Romana’s expression as she gets assigned ‘babysit Duggan’ is a joy. Just a flick of the eyes from Lalla Ward, but it’s enough. And yeah, Duggan does rather give the impression that he got fired from the Met for being too violent.
I remember watching this on first broadcast and thinking ‘Huh? How did he get here?’ My incipient bonkers theorising led me to think at the time that Kerensky had succeeded in his time travel experiments.
@thekrynoidman – Rory wasn’t dim. Rory was merely the ‘only sane man’ in Team TARDIS. His life up to the point he met the Doctor hadn’t really prepared him for pretending to be a gondolier in Sixteenth Century Venice so that he could get his fiancee into a boarding school for trainee vampires who turned out to be alien fish people with mad fencing skillz.
Since this turned out to be a normal day in the TARDIS, he was at somewhat of a disadvantage…
16 June 2014 at 10:32 #28309Am really enjoying seeing this for the first time (must have missed seeing it as a kid).
Completely agree about the dialogue etc though must say that I think Duggan is being played as though this is a ‘farce’.
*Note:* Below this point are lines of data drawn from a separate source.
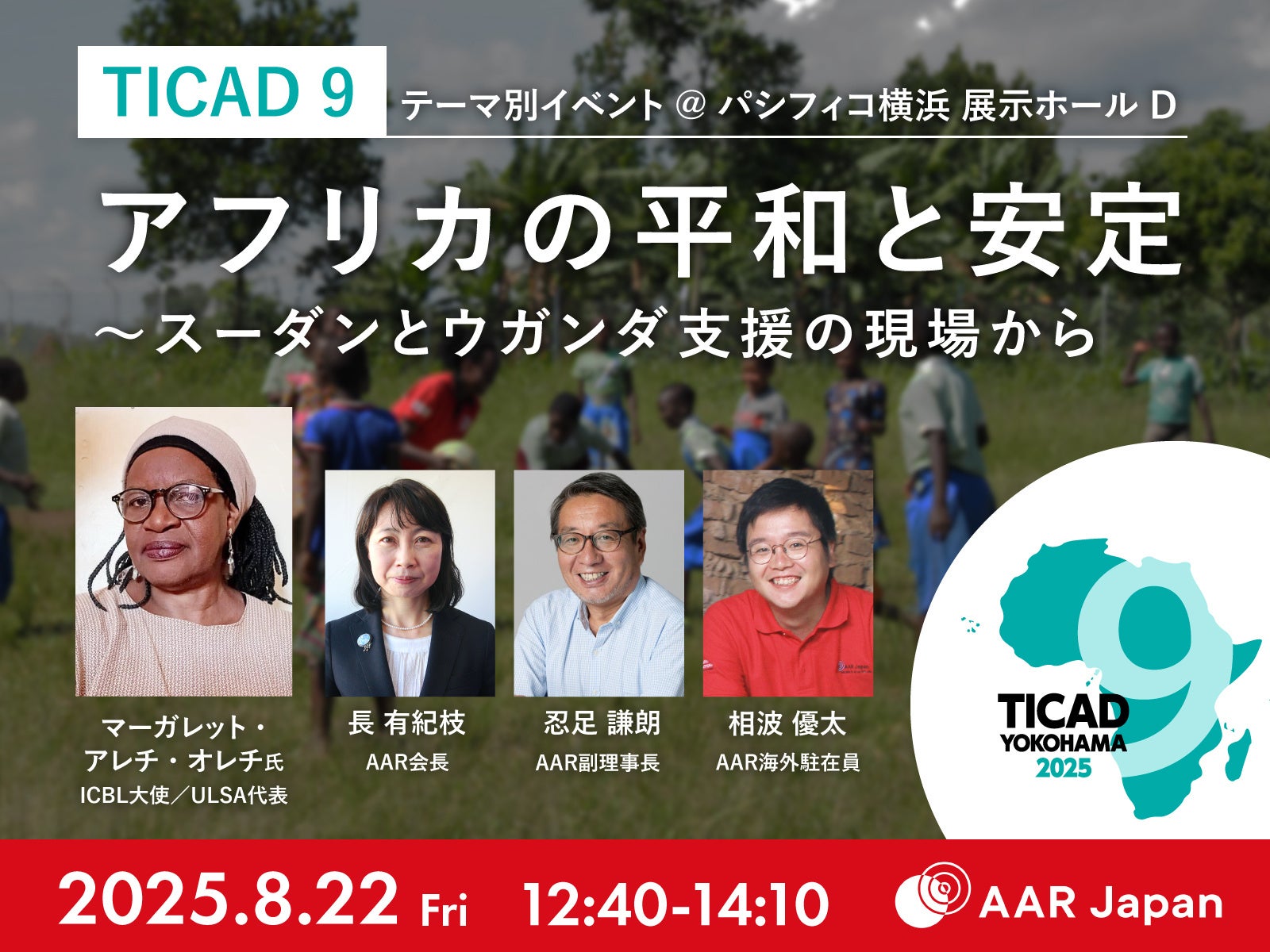 日本生まれの国際NGO、AAR Japan[難民を助ける会]は8月22日、第9回アフリカ開発会議(TICAD9)のテーマ別イベントとして、シンポジウム「アフリカの平和と安定~スーダンとウガンダ支援の現場から」を開催します。自らも地雷被害者であり、アフリカの地雷廃絶運動のリーダー、マーガレット・アレチ・オレチさんの講演を中心に、アフリカの平和と安定のために日本とNGOに求められること、私たち市民にできることについて考えます。
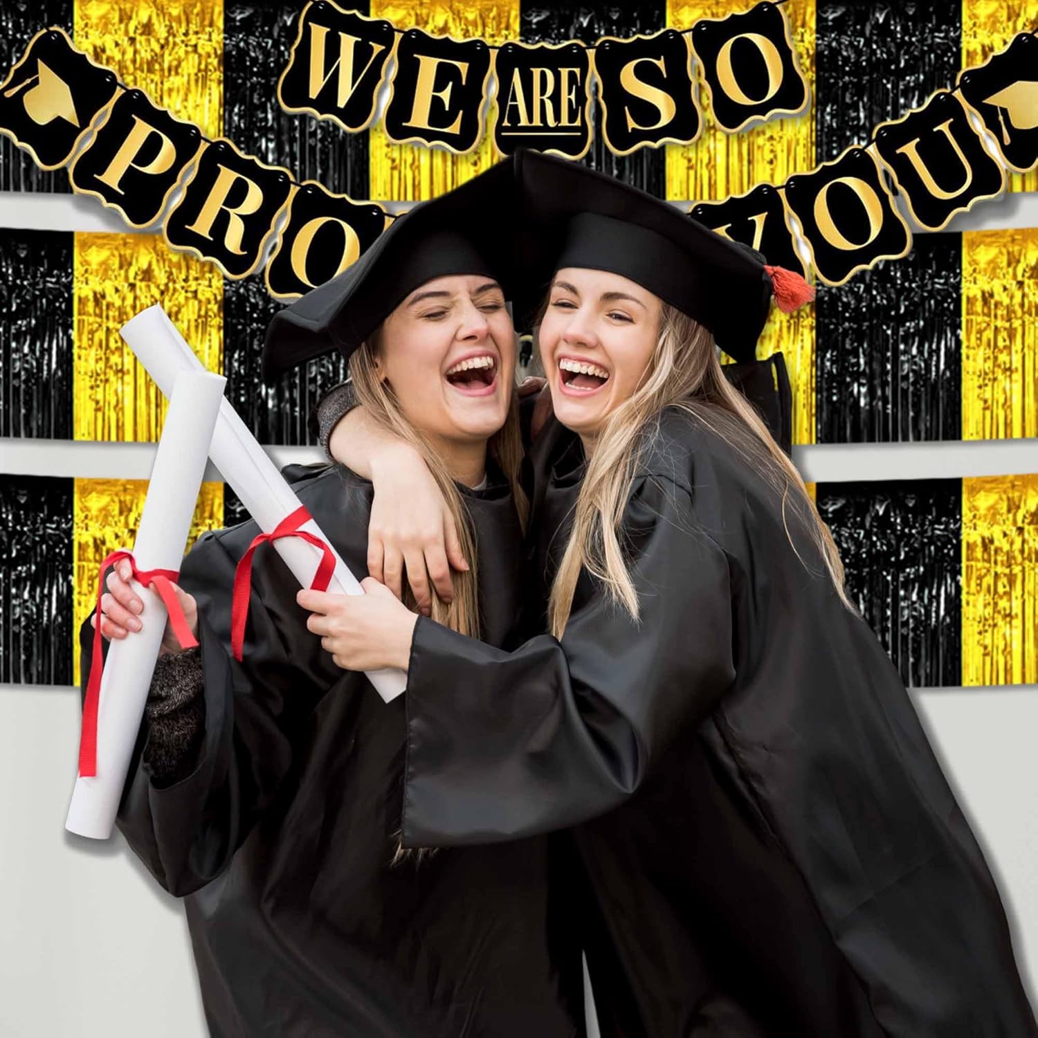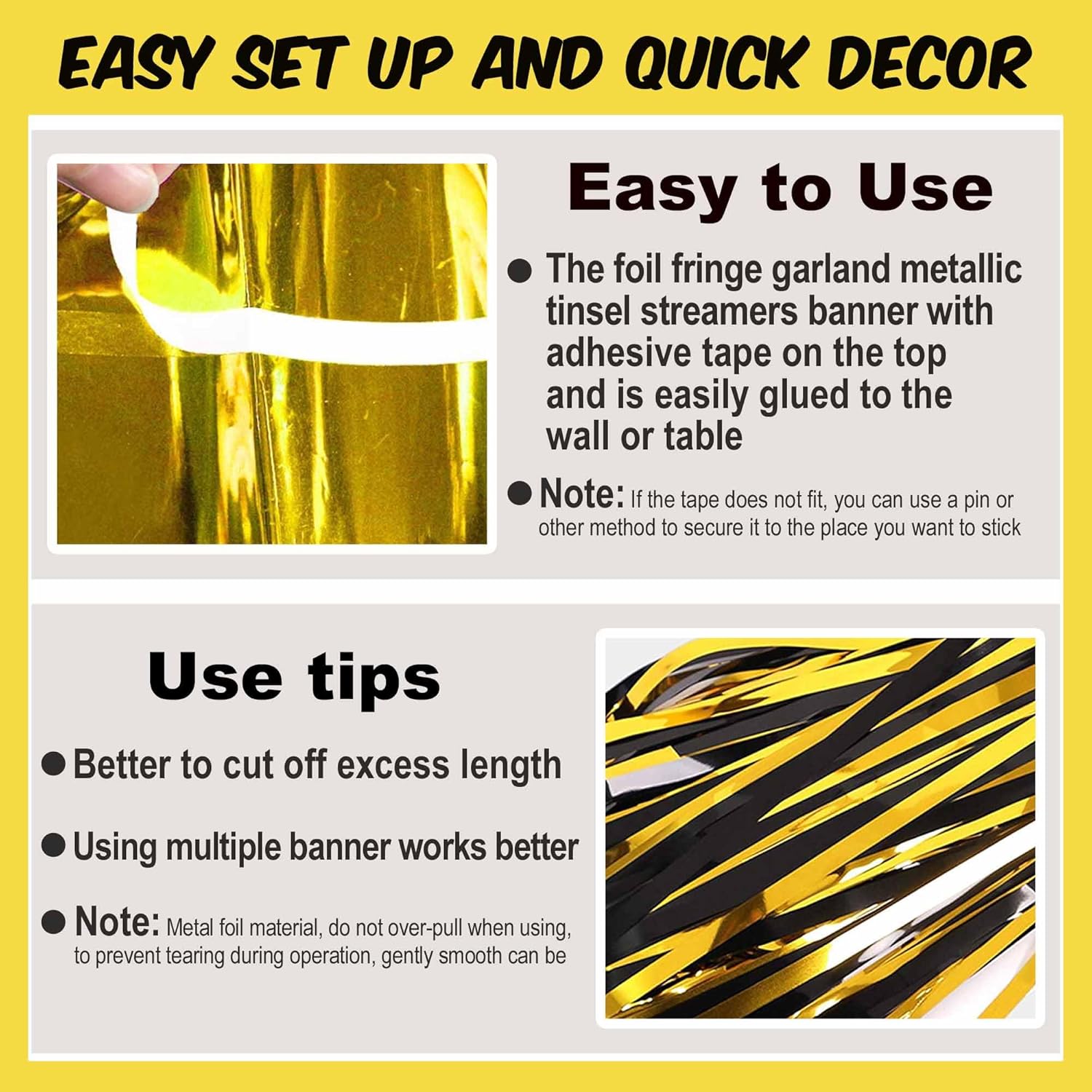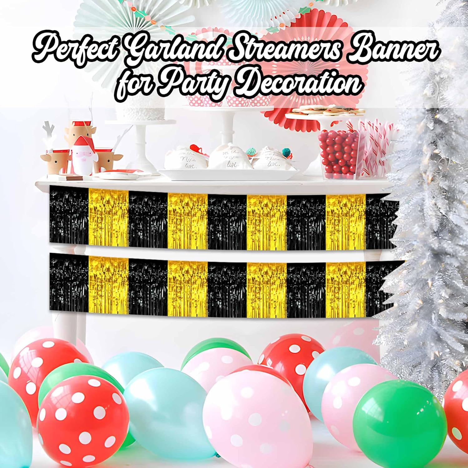 6 Pack 10 Ft Black and Gold Foil Fringe Garland Metallic Streamers Tinsel Banner Wall Hanging Garland Backdrop for Parade Floats, Halloween, Christmas, Thanksgiving, New Year Party Decorations
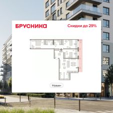 Квартира с кухней-гостиной и тремя спальнями в квартале "Новин". Особенности планировки: балкон, мастер-спальня, окна на две стороны, постирочная, предчистовая отделка, разнесённые спальни.
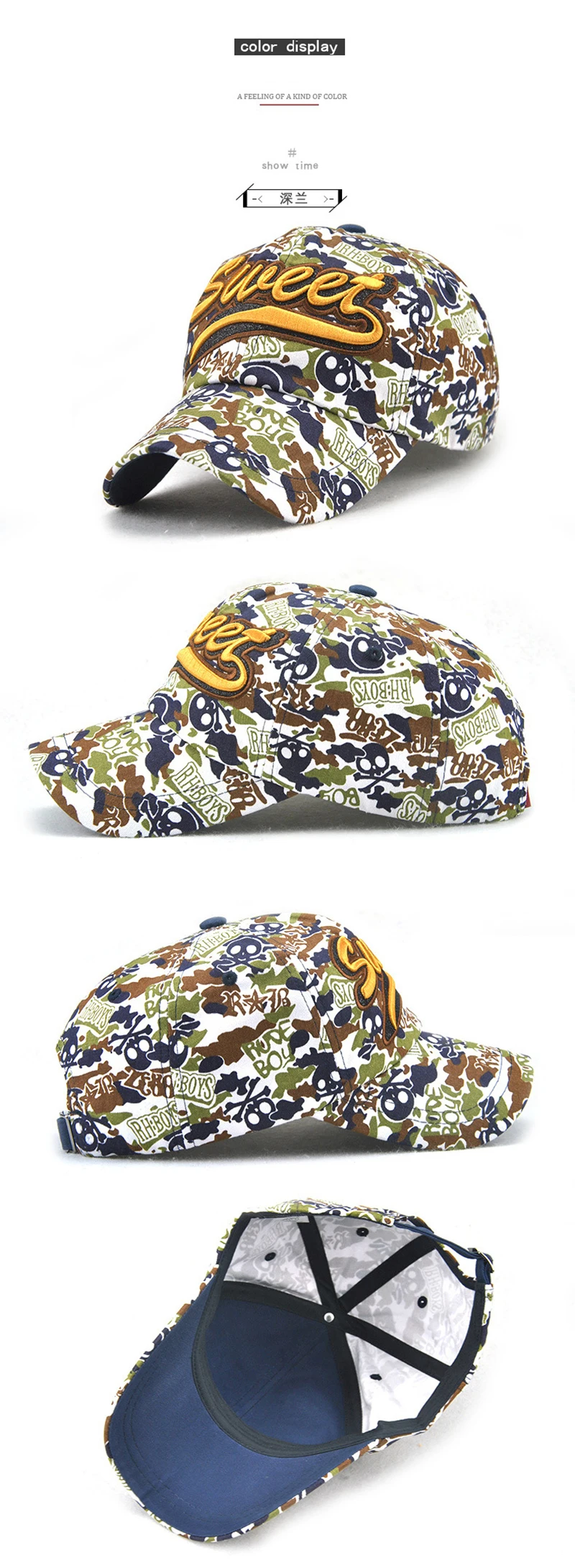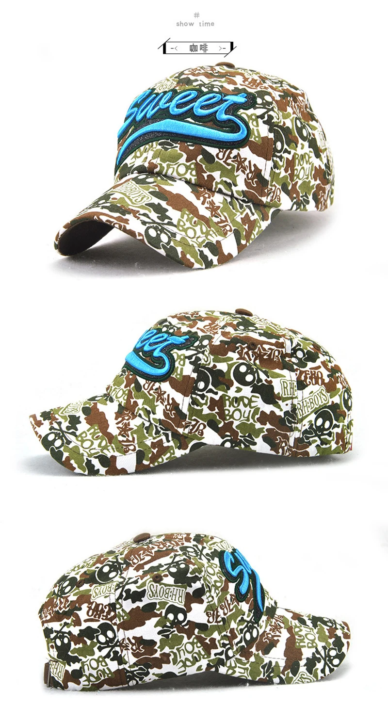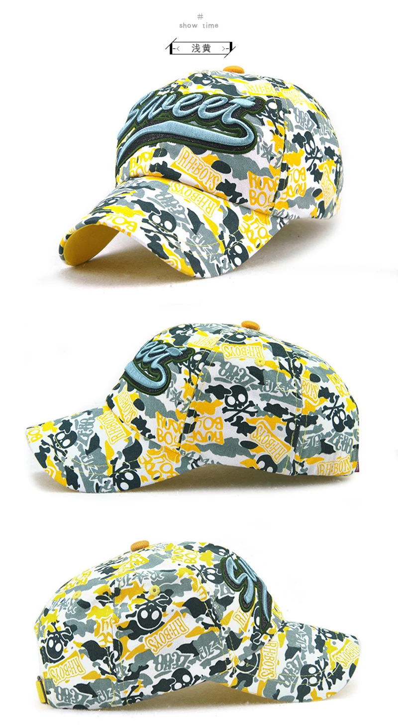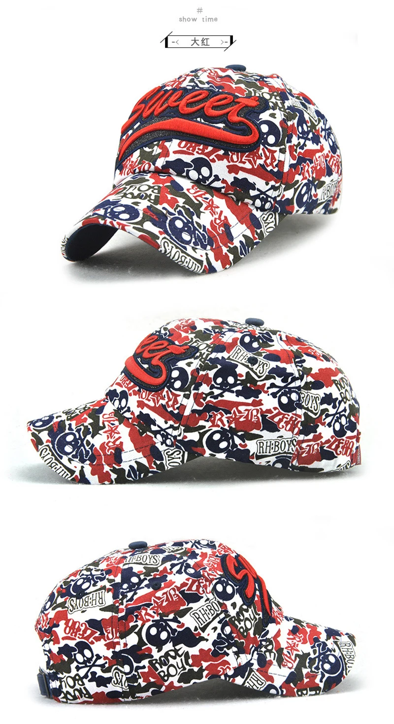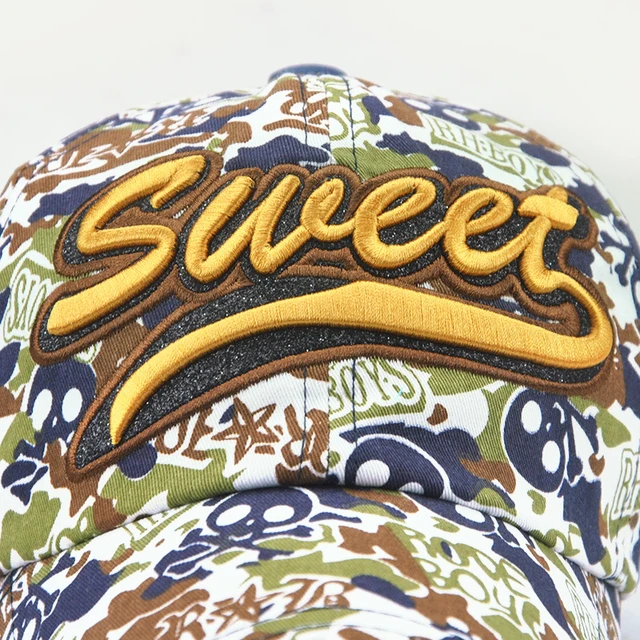 | [해외]면 남녀 자수 편지 달콤한 연인 야구 모자 낙서 카모 캡 여성 야외 모자 캐주얼 힙합 모자 |
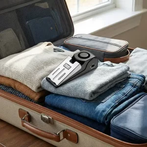 Forma compacta que cabe facilmente em bolsas ou malas. Leve segurança para hotéis, apartamentos ou qualquer lugar temporário rapidamente.
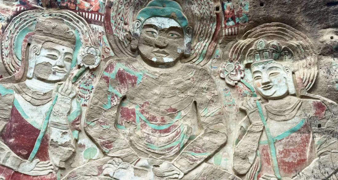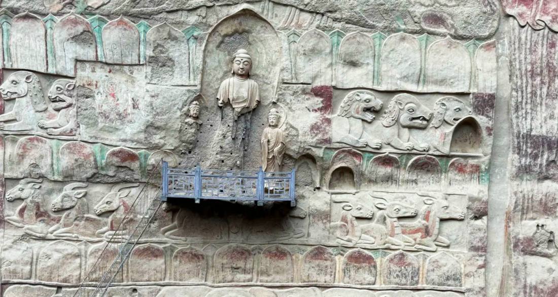 The Water Curtain Cave Grottoes are situated in the Zhongloushan Valley, about 25 kilometers northeast of Wushan County in Tianshui City, Gansu Province. Renowned for their natural caves, cliff carvings, and Buddhist murals, the complex was first established during the Northern Zhou Dynasty. It comprises four main sections: Water Curtain Cave, Lasao Temple, Thousand Buddha Cave, and Xiansheng Pool. The highlight is the 42.3-meter-high open-air cliff relief Buddha at Lasao Temple—the largest of its kind in the world—whose lotus throne is adorned with carved lions, deer, and elephants. Blending Danxia landforms with grotto art, the site is celebrated as the "Pearl of Longshan."
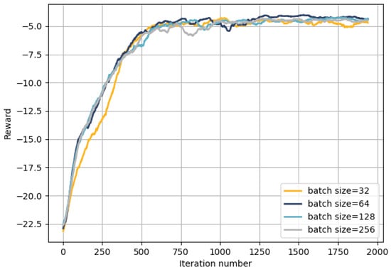 In reinforcement learning algorithms, batch size is a critical hyperparameter. Smaller batch sizes can enhance generalization and facilitate the escape from local optima but may increase variance, affecting learning stability. Larger batch sizes provide more accurate gradient estimates, though they may lead to local optima and increased memory requirements. Figure 4 shows the influence of batch size on convergence. The calculation method of the reward is shown in Equation (23). The DDPG algorithm obtains rewards through interaction with the environment and learns to achieve higher rewards. Higher rewards also imply a lower average delay ratio. Despite the initial rapid increase and subsequent stabilization of the reward curves across four batch sizes, it indicates that our improved DDPG algorithm can learn a stable computation offloading policy. Notably, a batch size of 64 yields better rewards. Therefore, we set the batch size to 64 in subsequent simulations.
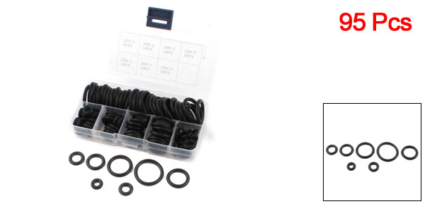 15Pcs: 14 x 7 x 3.5mmHolder Box Size 13 x 6.7 x 2.4cm/5.1" x 0.27 x 0.94"(L*W*H) Material Rubber Color Black Weight 98g Package Content 95Pcs x Oil Seal Ring Set
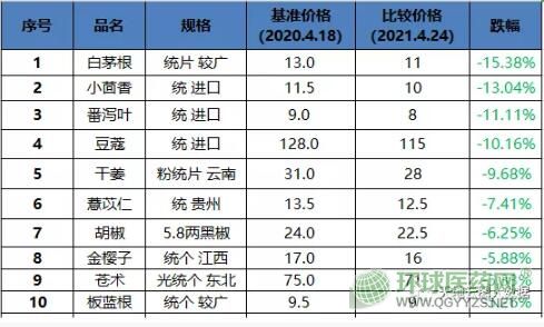 表2:市場(chǎng)跌價(jià)品種TOP10

Its all a bit too much for me – while trying to figure out how to describe what I meant I read a description of farce:
a comic dramatic work using buffoonery and horseplay and typically including crude characterization and ludicrously improbable situations.
Now, I’d agree that you can read that and think yep, this is comic, the Doctor is using buffoonery to baffle the villains and its ludicrously improbable, but I wouldn’t say that the Doctor is a crude characterization. Larger-than-life but not crude.
But Duggan’s upturned gaberdine collar and Sam Spade delivery just feel a little out of place, though he has a role to fill and is playing the detective in what could be a farce. Maybe its seeing him with Lalla who’s undercutting everyone else’s acting with her own brilliance that does him a disservice from me.anyway, just an opinion and loving it generally (especially comparing it to Hitchhikers where a similar dialogue exchange is apparent).
18 June 2014 at 13:14 #28333@whisht, – it’s just occurred to me – perhaps Duggan, while obviously being played for comedy, is supposed to be obvious?
That is, if Count Scarlioni is known to be about to steal the Mona Lisa, but is too important to arrest – perhaps Duggan’s real job was to make the Count aware that the Louvre knows exactly what’s going on and has detectives on the case?